The Legal Actions of Church Members – 1 Corinthians 6:1-11

There is one prevalent aspect of historic-cultural significance which has been touched on in earlier articles but needs to be repeated since here it takes on more significance. As already mentioned the Greco-Roman world was one where honor, power and authority were the most excellent qualities to be achieved. This aspect “is of special relevance to 1 Corinthians 5 and 6, because legal proceedings were part of this larger cultural game and were seen as a means of shaming people” writes Witherington (Conflict And Community In Corinth: A Socio-Rhetorical Commentary On 1 And 2 Corinthians [Grand Rapids: Eerdmans, 1995] 155).
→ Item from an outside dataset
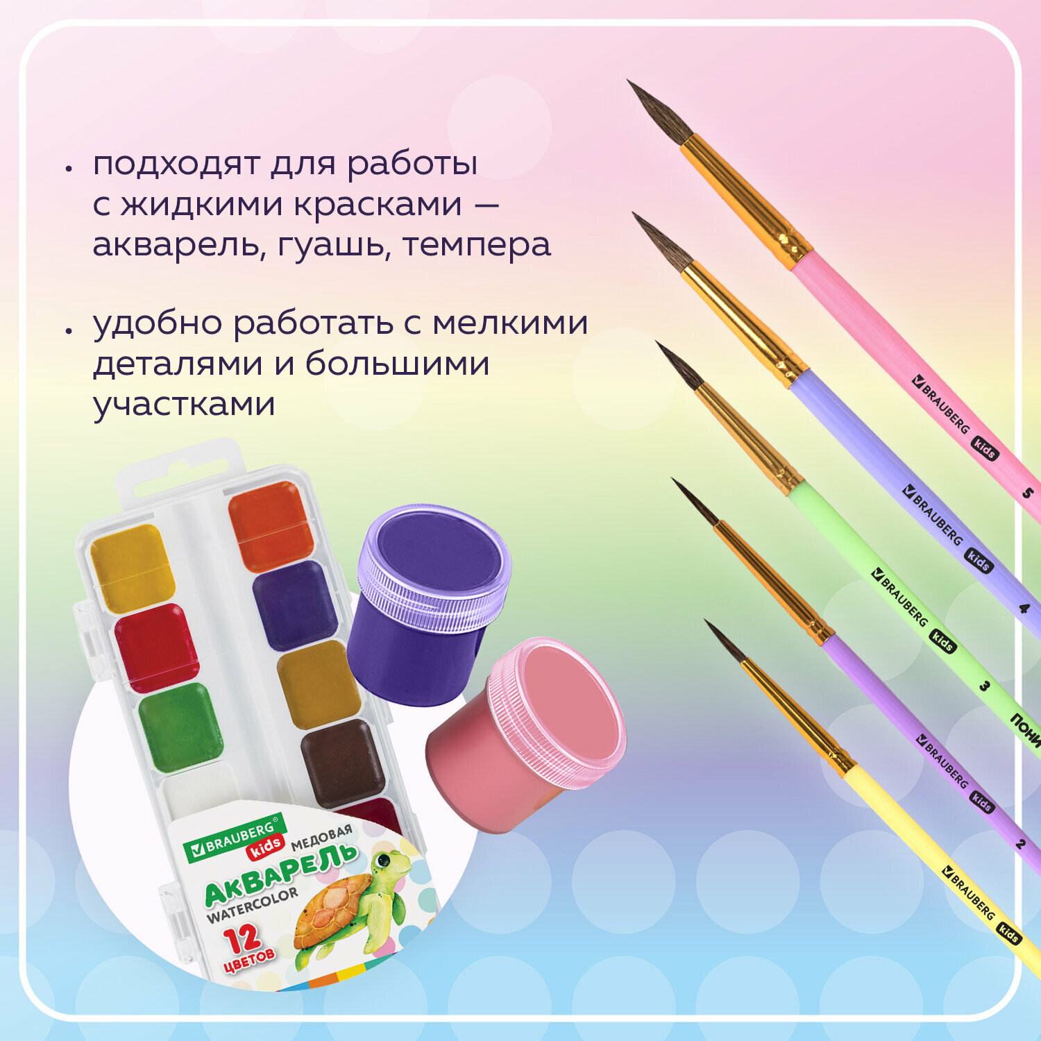 Кисти для рисования в школу набор 5 штук, кисточки круглые № 1 2 3 4 5, пони, Brauberg Kids, 201072 информация:
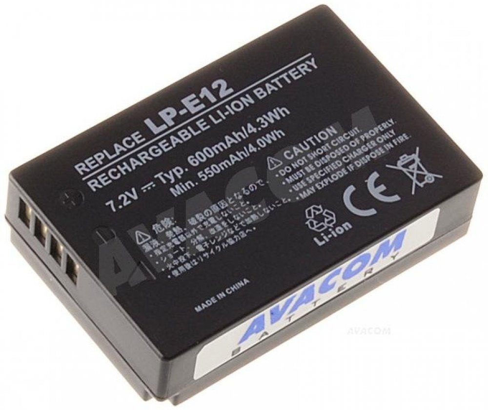 Klíčové vlastnosti baterie pro fotoaparát AVACOM za Canon LP-E12 Li-Ion 7.2V 750mAh 5.4Wh Alternativní 7,2V baterie Avacom pro fotoaparát má kapacitu 0,75 Ah Dokáže plně nahradit baterii Li-Ion Vydrží až 1200 nabíjecích cyklů Tento lithium-iontový akumulátor je lehký, bez paměťového efektu Má celkem 2 články Jak správně zacházet s baterií pro fotoaparát Baterii pro fotoaparát Avacom není vhodné odkládat zcela vybitou, protože by mohla začít ztrácet kapacitu. Nevystavujte ji přímému slunečnímu záření, teplotám nad 60 °C, ani teplotám pod bodem mrazu. Akumulátor chraňte rovněž před mechanickým poškozením, vlhkostí a před chemickými prostředky. Značka: Canon Model: EOS 100D, EOS M, EOS M100, EOS M50 a PowerShot SX70 HS

Without going into too much detail as to how exactly judicial procedure were done in a Roman colony, we need to take note that the courts were run by the rich. Someone with low social status had no right or privilege to access this judicial system. Further, the lawsuits were not about truth in and of itself but about social status, honor, power, and authority. Thus lawyers had to be well trained in rhetoric and money was for sure another means to secure the outcome of a lawsuit. Dio Chrysostom writes that in A.D. 100 Roman Corinth was full of “lawyers… perverting justice” (quoted in Witherington, 164).    
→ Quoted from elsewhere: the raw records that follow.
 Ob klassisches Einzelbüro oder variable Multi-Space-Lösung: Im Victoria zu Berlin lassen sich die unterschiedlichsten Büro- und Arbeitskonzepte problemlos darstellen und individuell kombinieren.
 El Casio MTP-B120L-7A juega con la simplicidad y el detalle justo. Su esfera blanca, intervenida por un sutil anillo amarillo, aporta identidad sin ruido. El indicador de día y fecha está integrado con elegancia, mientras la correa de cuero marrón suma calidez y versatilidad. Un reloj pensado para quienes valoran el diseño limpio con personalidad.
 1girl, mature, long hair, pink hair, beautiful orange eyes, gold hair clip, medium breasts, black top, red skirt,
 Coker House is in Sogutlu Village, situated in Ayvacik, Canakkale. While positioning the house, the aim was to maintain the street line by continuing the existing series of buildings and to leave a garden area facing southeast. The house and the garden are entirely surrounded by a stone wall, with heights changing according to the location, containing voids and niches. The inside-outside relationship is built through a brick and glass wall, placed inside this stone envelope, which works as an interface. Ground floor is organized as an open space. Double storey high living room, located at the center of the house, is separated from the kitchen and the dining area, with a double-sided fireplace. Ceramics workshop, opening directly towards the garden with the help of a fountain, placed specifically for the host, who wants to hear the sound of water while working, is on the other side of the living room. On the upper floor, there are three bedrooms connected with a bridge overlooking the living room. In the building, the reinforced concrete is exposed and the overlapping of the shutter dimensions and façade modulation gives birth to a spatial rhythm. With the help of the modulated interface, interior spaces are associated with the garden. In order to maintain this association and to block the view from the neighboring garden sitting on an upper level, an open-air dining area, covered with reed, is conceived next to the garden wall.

This then is the background in which the apostle Paul wrote 1 Cor 6:1-11. In vv. 1-6 Paul argues that the nature of lawsuits in the Corinthian church are trivial and should not be fought out in pagan courts (i.e., outside the covenant community – the church). The major problem Paul is addressing is that members of the congregation are involved (and even initiate) legal cases against fellow believers – and this before the “unrighteous”!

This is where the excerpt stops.